[Problem]
Your job with the data below: print everything from the line that holds "Короткое трикотажное платье" down to the line that holds "清晨6點,兩人就到達地點,麻", ends included, exactly, and nothing else.

#### Exercise data ####

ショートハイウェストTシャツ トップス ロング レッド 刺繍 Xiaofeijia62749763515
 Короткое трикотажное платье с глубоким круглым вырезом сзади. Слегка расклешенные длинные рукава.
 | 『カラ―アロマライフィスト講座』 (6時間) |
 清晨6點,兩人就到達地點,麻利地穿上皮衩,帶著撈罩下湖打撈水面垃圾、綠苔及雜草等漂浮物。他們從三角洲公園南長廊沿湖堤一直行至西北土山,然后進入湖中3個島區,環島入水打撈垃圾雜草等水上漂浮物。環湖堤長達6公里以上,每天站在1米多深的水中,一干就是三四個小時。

####
#### Exercise data ####

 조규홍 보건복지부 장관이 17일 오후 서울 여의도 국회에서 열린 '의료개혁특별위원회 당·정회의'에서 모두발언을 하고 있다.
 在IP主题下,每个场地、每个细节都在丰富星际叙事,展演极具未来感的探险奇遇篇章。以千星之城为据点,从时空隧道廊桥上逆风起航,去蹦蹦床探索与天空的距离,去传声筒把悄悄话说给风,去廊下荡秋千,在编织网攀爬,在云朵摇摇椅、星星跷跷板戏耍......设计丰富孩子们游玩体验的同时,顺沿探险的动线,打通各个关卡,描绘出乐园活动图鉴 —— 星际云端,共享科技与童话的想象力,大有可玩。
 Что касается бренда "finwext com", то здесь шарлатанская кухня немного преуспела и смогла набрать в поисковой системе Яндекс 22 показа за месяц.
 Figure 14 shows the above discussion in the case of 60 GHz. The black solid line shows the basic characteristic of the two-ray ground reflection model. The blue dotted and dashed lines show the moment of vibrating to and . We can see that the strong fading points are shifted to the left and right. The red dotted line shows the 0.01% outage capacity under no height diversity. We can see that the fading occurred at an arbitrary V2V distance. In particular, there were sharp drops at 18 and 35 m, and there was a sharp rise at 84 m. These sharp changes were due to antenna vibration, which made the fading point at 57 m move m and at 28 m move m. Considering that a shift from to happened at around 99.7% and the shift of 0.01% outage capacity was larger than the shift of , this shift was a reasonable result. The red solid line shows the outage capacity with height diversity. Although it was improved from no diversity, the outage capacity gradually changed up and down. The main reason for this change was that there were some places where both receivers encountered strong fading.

####

[Output of the exercise]
 Короткое трикотажное платье с глубоким круглым вырезом сзади. Слегка расклешенные длинные рукава.
 | 『カラ―アロマライフィスト講座』 (6時間) |
 清晨6點,兩人就到達地點,麻利地穿上皮衩,帶著撈罩下湖打撈水面垃圾、綠苔及雜草等漂浮物。他們從三角洲公園南長廊沿湖堤一直行至西北土山,然后進入湖中3個島區,環島入水打撈垃圾雜草等水上漂浮物。環湖堤長達6公里以上,每天站在1米多深的水中,一干就是三四個小時。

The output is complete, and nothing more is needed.